Could you set down the records below exactly as they are, with no pictures?

Extracted records:
--------
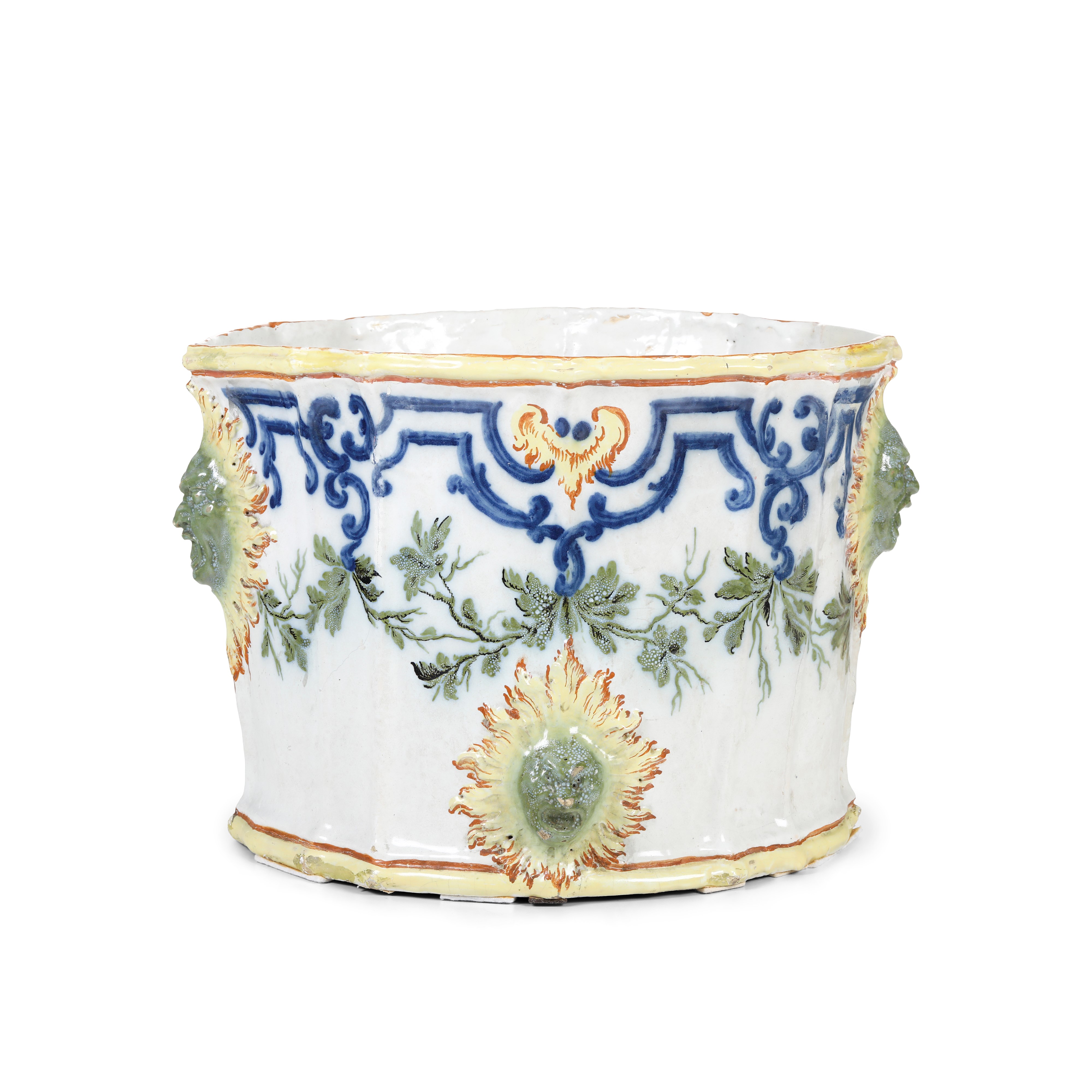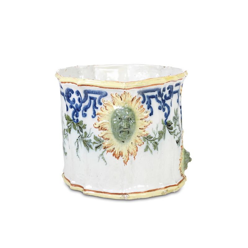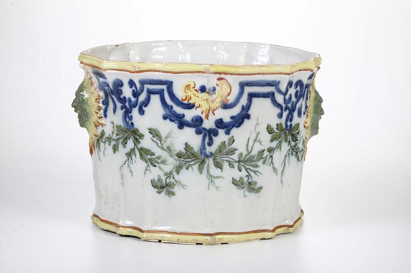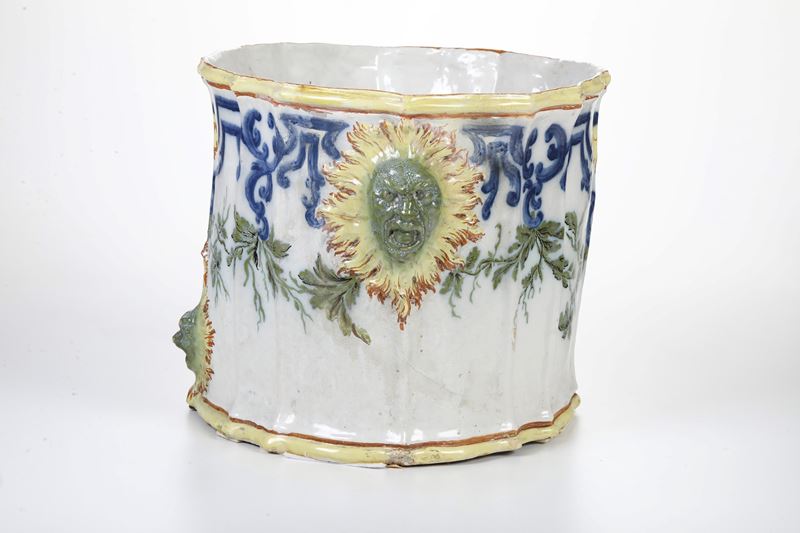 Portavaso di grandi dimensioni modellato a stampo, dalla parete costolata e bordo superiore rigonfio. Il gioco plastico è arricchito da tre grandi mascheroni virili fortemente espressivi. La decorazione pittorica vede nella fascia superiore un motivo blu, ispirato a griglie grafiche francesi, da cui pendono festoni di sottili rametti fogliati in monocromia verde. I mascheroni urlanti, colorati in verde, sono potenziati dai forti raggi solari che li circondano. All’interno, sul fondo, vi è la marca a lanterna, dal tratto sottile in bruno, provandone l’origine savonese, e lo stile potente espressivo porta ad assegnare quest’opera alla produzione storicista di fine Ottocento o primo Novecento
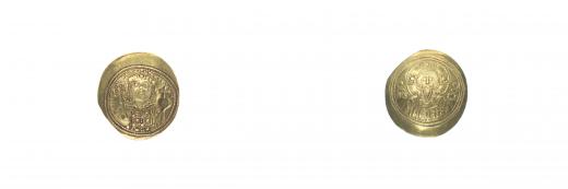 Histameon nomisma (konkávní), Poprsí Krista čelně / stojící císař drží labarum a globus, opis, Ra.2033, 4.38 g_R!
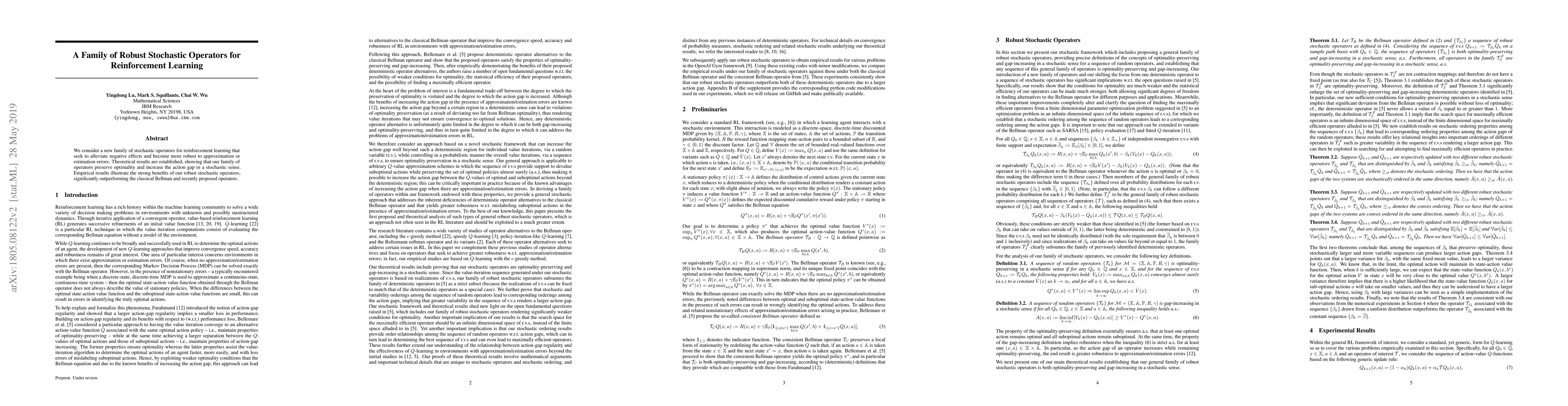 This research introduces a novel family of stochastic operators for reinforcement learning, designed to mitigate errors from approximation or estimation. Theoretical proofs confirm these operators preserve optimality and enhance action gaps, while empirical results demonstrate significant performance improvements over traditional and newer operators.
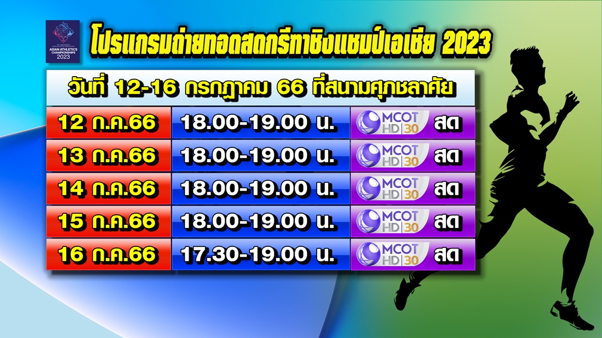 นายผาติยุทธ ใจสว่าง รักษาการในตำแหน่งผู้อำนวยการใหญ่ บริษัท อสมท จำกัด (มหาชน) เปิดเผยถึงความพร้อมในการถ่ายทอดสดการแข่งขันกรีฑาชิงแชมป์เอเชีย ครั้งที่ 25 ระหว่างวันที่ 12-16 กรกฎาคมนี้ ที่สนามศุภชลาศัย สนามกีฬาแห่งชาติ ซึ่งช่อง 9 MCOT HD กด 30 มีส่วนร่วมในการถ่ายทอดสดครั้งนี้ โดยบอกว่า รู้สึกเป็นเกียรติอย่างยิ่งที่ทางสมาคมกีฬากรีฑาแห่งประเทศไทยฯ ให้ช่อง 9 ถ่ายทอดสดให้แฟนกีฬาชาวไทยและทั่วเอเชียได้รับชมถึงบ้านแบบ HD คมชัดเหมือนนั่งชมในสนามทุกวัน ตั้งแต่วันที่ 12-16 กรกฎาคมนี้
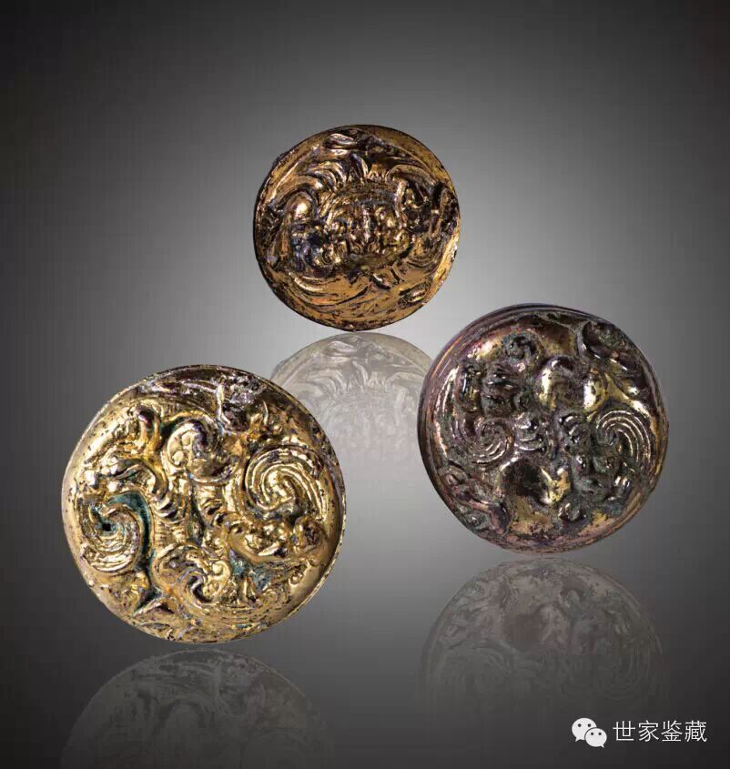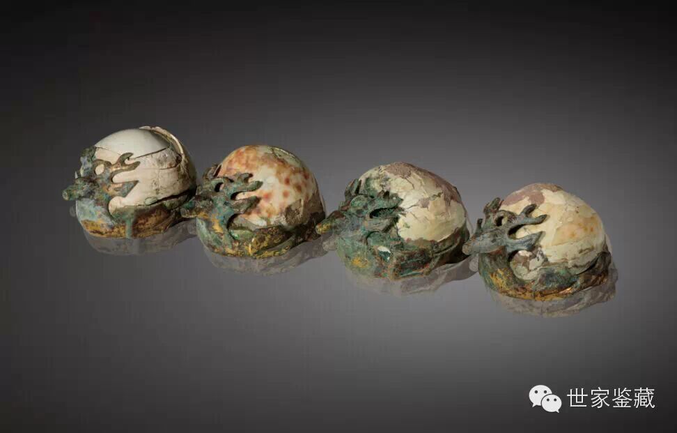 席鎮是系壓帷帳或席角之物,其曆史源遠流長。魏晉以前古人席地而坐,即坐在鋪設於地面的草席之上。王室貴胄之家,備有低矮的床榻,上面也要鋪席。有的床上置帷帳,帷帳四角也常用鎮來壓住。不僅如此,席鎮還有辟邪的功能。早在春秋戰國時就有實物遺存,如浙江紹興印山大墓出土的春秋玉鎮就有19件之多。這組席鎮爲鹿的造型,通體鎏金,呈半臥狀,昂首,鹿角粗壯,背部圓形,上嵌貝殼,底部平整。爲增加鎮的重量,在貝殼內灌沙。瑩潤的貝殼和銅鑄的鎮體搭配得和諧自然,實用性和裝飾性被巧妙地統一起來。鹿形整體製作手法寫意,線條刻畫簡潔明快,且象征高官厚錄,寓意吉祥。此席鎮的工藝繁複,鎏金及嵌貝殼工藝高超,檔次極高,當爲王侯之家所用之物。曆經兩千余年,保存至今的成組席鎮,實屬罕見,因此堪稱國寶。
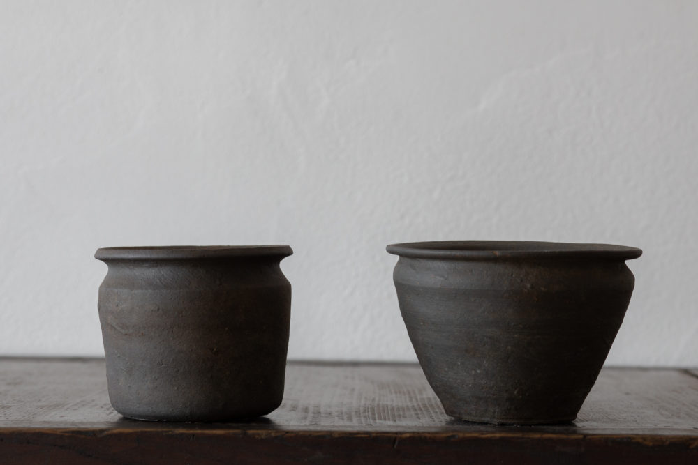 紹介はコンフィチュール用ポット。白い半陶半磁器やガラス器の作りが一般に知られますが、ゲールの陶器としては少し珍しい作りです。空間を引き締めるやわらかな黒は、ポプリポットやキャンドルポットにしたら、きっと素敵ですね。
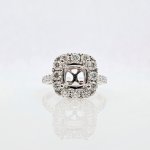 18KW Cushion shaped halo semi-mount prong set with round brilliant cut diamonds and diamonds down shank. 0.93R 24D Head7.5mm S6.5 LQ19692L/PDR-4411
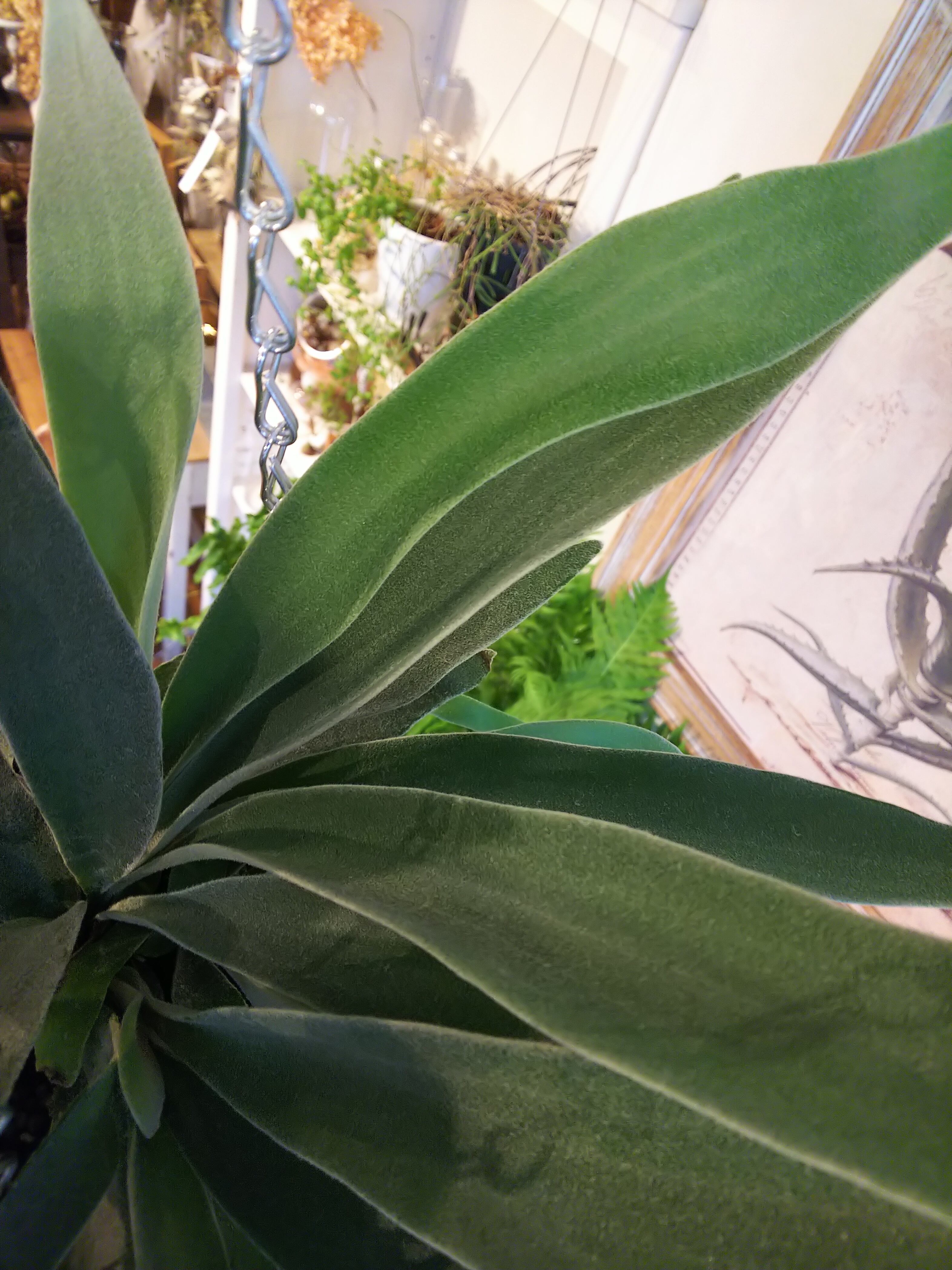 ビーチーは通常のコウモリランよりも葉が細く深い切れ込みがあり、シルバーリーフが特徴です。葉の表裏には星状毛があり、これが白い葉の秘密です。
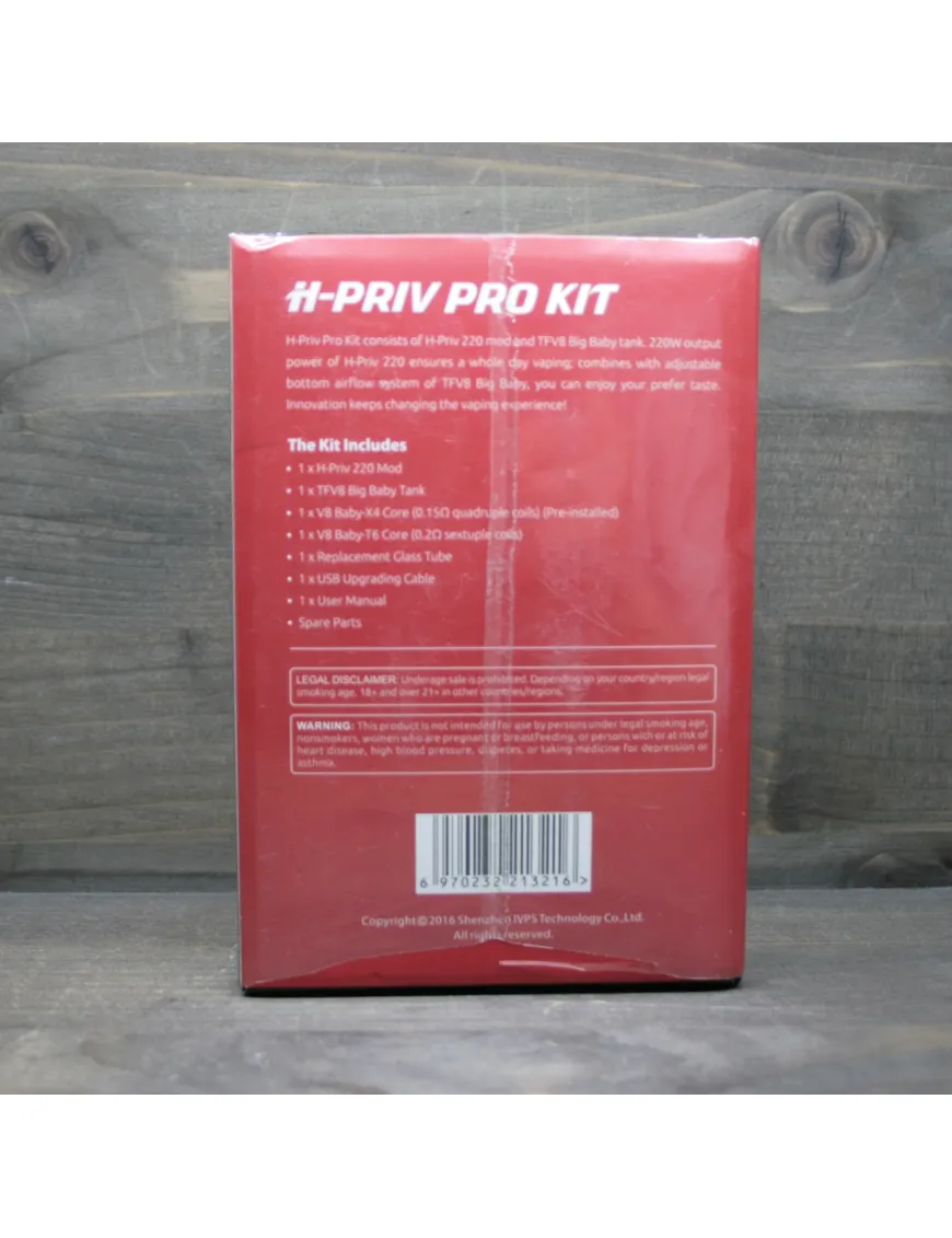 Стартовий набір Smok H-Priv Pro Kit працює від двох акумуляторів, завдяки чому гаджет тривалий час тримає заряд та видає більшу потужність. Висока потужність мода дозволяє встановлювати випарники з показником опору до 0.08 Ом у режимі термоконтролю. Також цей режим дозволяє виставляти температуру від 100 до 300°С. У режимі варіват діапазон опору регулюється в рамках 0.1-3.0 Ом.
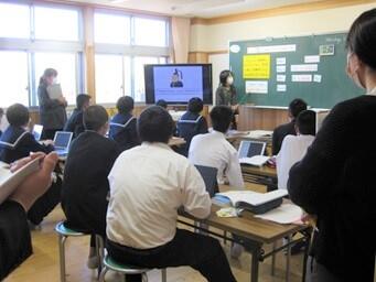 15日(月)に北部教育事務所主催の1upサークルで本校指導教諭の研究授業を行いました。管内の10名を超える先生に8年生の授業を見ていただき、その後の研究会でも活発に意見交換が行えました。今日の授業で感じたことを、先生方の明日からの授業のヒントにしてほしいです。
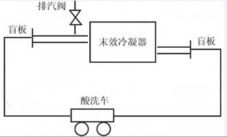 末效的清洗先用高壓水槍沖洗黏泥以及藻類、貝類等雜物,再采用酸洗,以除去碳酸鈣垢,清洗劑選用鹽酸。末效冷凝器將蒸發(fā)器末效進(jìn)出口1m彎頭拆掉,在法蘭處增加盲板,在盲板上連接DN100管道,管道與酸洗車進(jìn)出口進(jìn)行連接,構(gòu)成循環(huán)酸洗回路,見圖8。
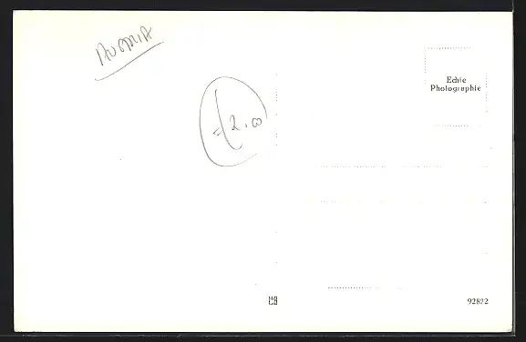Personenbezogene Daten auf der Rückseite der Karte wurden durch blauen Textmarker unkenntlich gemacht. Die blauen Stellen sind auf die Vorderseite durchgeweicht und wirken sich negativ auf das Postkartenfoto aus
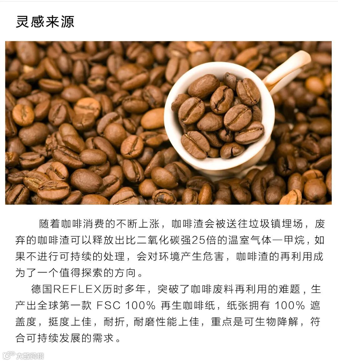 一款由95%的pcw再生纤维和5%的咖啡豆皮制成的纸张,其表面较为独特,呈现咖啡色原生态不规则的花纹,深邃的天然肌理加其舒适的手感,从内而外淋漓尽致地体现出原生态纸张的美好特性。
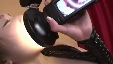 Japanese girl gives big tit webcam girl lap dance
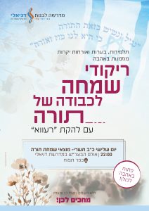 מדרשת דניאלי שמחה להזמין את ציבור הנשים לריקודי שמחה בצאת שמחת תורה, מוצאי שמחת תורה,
--------
§ **WRITTEN ANSWER**
 Portavaso di grandi dimensioni modellato a stampo, dalla parete costolata e bordo superiore rigonfio. Il gioco plastico è arricchito da tre grandi mascheroni virili fortemente espressivi. La decorazione pittorica vede nella fascia superiore un motivo blu, ispirato a griglie grafiche francesi, da cui pendono festoni di sottili rametti fogliati in monocromia verde. I mascheroni urlanti, colorati in verde, sono potenziati dai forti raggi solari che li circondano. All’interno, sul fondo, vi è la marca a lanterna, dal tratto sottile in bruno, provandone l’origine savonese, e lo stile potente espressivo porta ad assegnare quest’opera alla produzione storicista di fine Ottocento o primo Novecento
 Histameon nomisma (konkávní), Poprsí Krista čelně / stojící císař drží labarum a globus, opis, Ra.2033, 4.38 g_R!
 This research introduces a novel family of stochastic operators for reinforcement learning, designed to mitigate errors from approximation or estimation. Theoretical proofs confirm these operators preserve optimality and enhance action gaps, while empirical results demonstrate significant performance improvements over traditional and newer operators.
 นายผาติยุทธ ใจสว่าง รักษาการในตำแหน่งผู้อำนวยการใหญ่ บริษัท อสมท จำกัด (มหาชน) เปิดเผยถึงความพร้อมในการถ่ายทอดสดการแข่งขันกรีฑาชิงแชมป์เอเชีย ครั้งที่ 25 ระหว่างวันที่ 12-16 กรกฎาคมนี้ ที่สนามศุภชลาศัย สนามกีฬาแห่งชาติ ซึ่งช่อง 9 MCOT HD กด 30 มีส่วนร่วมในการถ่ายทอดสดครั้งนี้ โดยบอกว่า รู้สึกเป็นเกียรติอย่างยิ่งที่ทางสมาคมกีฬากรีฑาแห่งประเทศไทยฯ ให้ช่อง 9 ถ่ายทอดสดให้แฟนกีฬาชาวไทยและทั่วเอเชียได้รับชมถึงบ้านแบบ HD คมชัดเหมือนนั่งชมในสนามทุกวัน ตั้งแต่วันที่ 12-16 กรกฎาคมนี้
 席鎮是系壓帷帳或席角之物,其曆史源遠流長。魏晉以前古人席地而坐,即坐在鋪設於地面的草席之上。王室貴胄之家,備有低矮的床榻,上面也要鋪席。有的床上置帷帳,帷帳四角也常用鎮來壓住。不僅如此,席鎮還有辟邪的功能。早在春秋戰國時就有實物遺存,如浙江紹興印山大墓出土的春秋玉鎮就有19件之多。這組席鎮爲鹿的造型,通體鎏金,呈半臥狀,昂首,鹿角粗壯,背部圓形,上嵌貝殼,底部平整。爲增加鎮的重量,在貝殼內灌沙。瑩潤的貝殼和銅鑄的鎮體搭配得和諧自然,實用性和裝飾性被巧妙地統一起來。鹿形整體製作手法寫意,線條刻畫簡潔明快,且象征高官厚錄,寓意吉祥。此席鎮的工藝繁複,鎏金及嵌貝殼工藝高超,檔次極高,當爲王侯之家所用之物。曆經兩千余年,保存至今的成組席鎮,實屬罕見,因此堪稱國寶。
 紹介はコンフィチュール用ポット。白い半陶半磁器やガラス器の作りが一般に知られますが、ゲールの陶器としては少し珍しい作りです。空間を引き締めるやわらかな黒は、ポプリポットやキャンドルポットにしたら、きっと素敵ですね。
 18KW Cushion shaped halo semi-mount prong set with round brilliant cut diamonds and diamonds down shank. 0.93R 24D Head7.5mm S6.5 LQ19692L/PDR-4411
 ビーチーは通常のコウモリランよりも葉が細く深い切れ込みがあり、シルバーリーフが特徴です。葉の表裏には星状毛があり、これが白い葉の秘密です。
 Стартовий набір Smok H-Priv Pro Kit працює від двох акумуляторів, завдяки чому гаджет тривалий час тримає заряд та видає більшу потужність. Висока потужність мода дозволяє встановлювати випарники з показником опору до 0.08 Ом у режимі термоконтролю. Також цей режим дозволяє виставляти температуру від 100 до 300°С. У режимі варіват діапазон опору регулюється в рамках 0.1-3.0 Ом.
 15日(月)に北部教育事務所主催の1upサークルで本校指導教諭の研究授業を行いました。管内の10名を超える先生に8年生の授業を見ていただき、その後の研究会でも活発に意見交換が行えました。今日の授業で感じたことを、先生方の明日からの授業のヒントにしてほしいです。
 末效的清洗先用高壓水槍沖洗黏泥以及藻類、貝類等雜物,再采用酸洗,以除去碳酸鈣垢,清洗劑選用鹽酸。末效冷凝器將蒸發(fā)器末效進(jìn)出口1m彎頭拆掉,在法蘭處增加盲板,在盲板上連接DN100管道,管道與酸洗車進(jìn)出口進(jìn)行連接,構(gòu)成循環(huán)酸洗回路,見圖8。
Personenbezogene Daten auf der Rückseite der Karte wurden durch blauen Textmarker unkenntlich gemacht. Die blauen Stellen sind auf die Vorderseite durchgeweicht und wirken sich negativ auf das Postkartenfoto aus
 一款由95%的pcw再生纤维和5%的咖啡豆皮制成的纸张,其表面较为独特,呈现咖啡色原生态不规则的花纹,深邃的天然肌理加其舒适的手感,从内而外淋漓尽致地体现出原生态纸张的美好特性。
 Japanese girl gives big tit webcam girl lap dance
 מדרשת דניאלי שמחה להזמין את ציבור הנשים לריקודי שמחה בצאת שמחת תורה, מוצאי שמחת תורה,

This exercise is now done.